前人《识图诗》说:“素丝头绪多,羡君巧安排。青鞵不动尘,缓步交去来;脉脉意欲乱,眷眷首重回。王言正如丝,亦付经纶才。
△纬车
《方言》说:“赵魏之间谓之历鹿车,东齐海岱之间谓之道轨。“今又叫繀车。《通俗文》说:”织纤谓之繀,受纬曰莩。“它的柎上立柱置轮,轮的上近处,用铁条中贯细筒,于是周轮与筒,缭环绳。右手掉轮,则筒随轮转,左手引丝上筒,遂成丝繀,以充织纬。

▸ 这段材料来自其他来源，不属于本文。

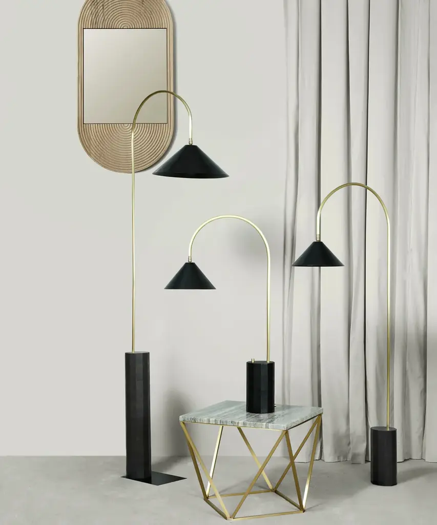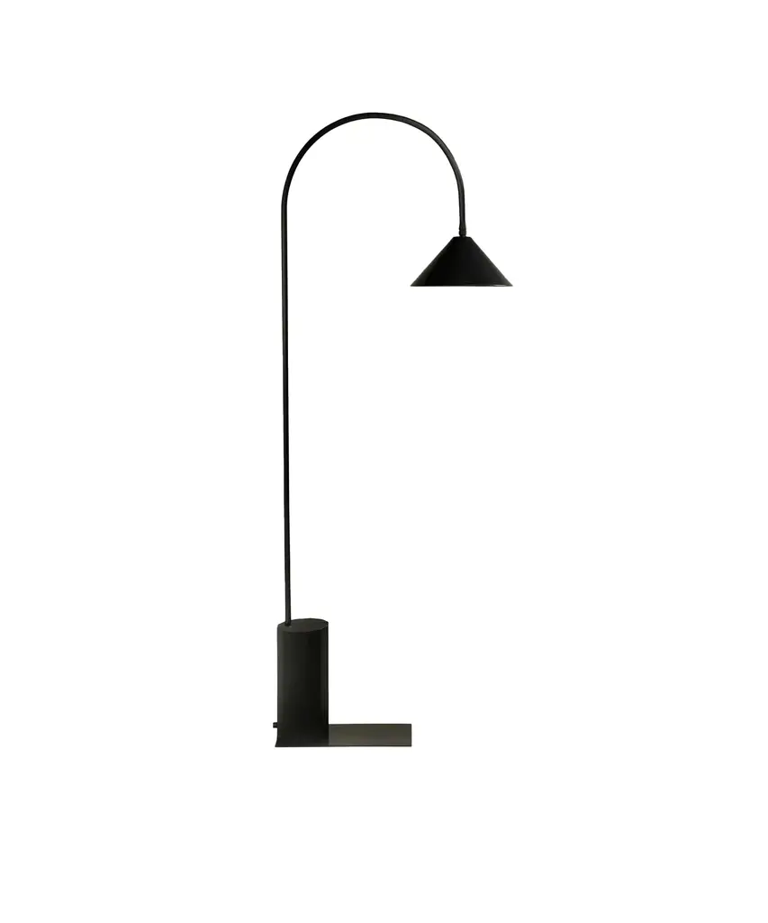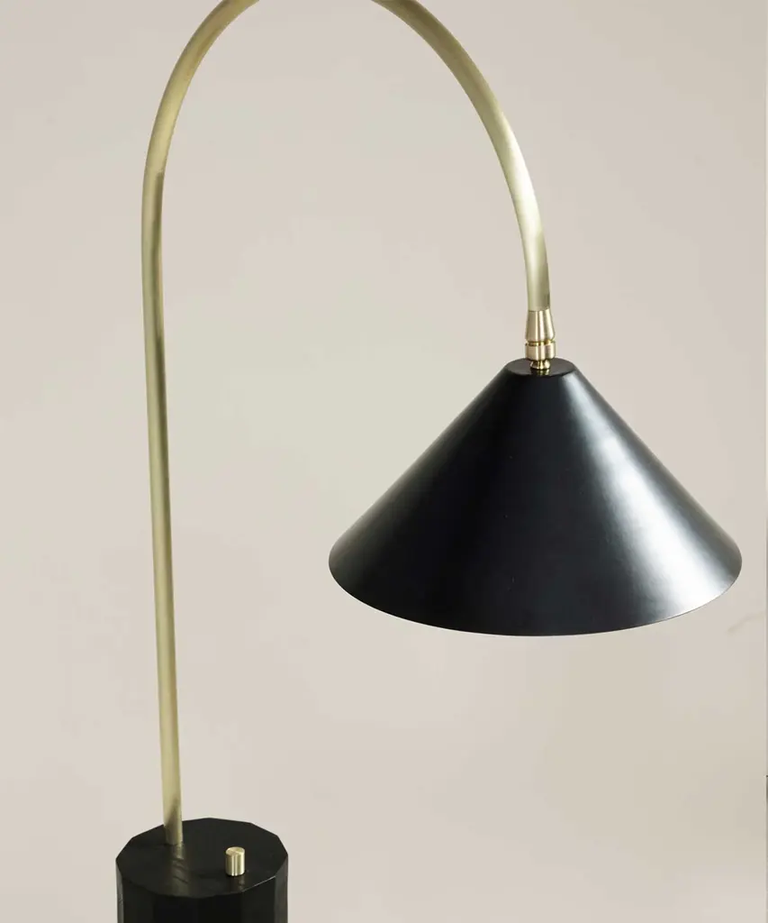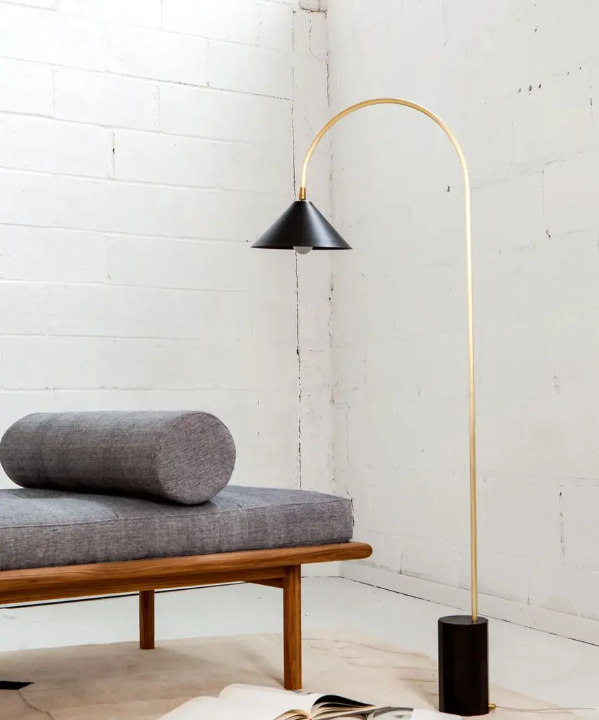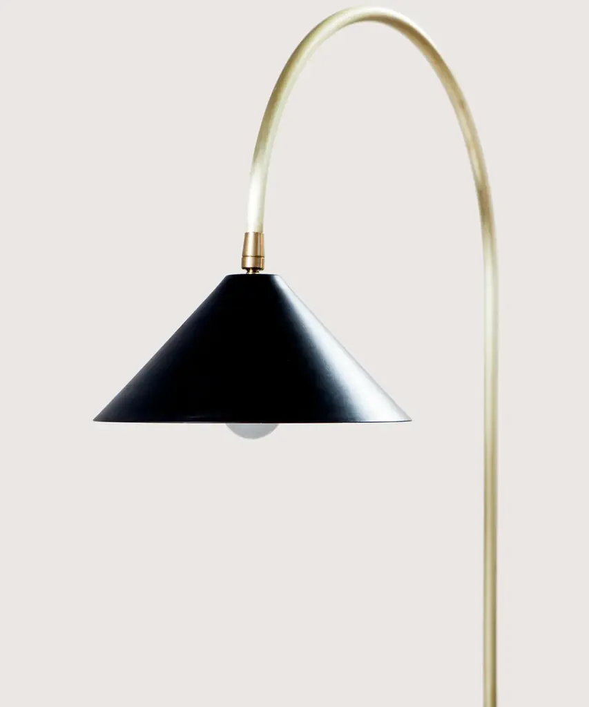 Inspired by Bishop Hook's cast iron lamps that illuminate the Williamsburg Bridge, the Bishop Series is equally timeless, yet modern. The lamps feature a hexagonal wood base (available in a range of finishes), heavily weighted for stability. The floor lamp versions also come with a removable metal base plate for added stability in high-traffic areas. The lamps are furnished with a clear cord with an on/off switch. Pictured with a blackened-steel hand-spun shade, brushed-brass curved neck, and ebony-stained ash-wood base, the latter two components are available in a range of finishes. Each piece is designed and hand-produced by Coil + Drift, a lauded New York's Catskill Mountains-based design studio known for its vividly three-dimensional and material-forward collections.

孙德施《赋》说:”惟工艺之多门,伟英丽乎创形。拟老氏之一毂兮,应天运以回行;秉转屈以成规兮,不辞劳以自倾。故其用同造物,巧参天地;轩辕垂衣,因之以济;衮冕龙旗,用康上帝;勋存王室,惠我皂隶。观其微风兴于轴端,雾雨散于辐;制以灵木,络以奇竹。规朝日以为圆兮,准晕月以造象;若洪轮之在碓兮,似蜘蛛之结网。尔乃才艺妻妾,工巧是嘉,或织锦组,或匠绫罗。舒皓腕于轻轮兮,换拟景乎镜华;丝成妙于指端,清籁幽而相和。象蟋蟀之鸣户兮,类寒蝉之吟家。”
△络车
《方言》说:“河济之间,络谓之给。”《说文》说:车柎为柅。《易·姤》说:“系于金柅。”《通俗文》说:“张丝曰柅。”大概是把脱壬的丝,张在柅上;上面作悬钩,引致绪端,逗在车上。车的形制,必定用细轴穿籰,放在车座两柱之间。人既绳牵轴动,则籰随轴转,丝就上籰。这是北方络丝车。南方人只习惯掉籰取丝,终究不如络车安稳且快。现在应该通用。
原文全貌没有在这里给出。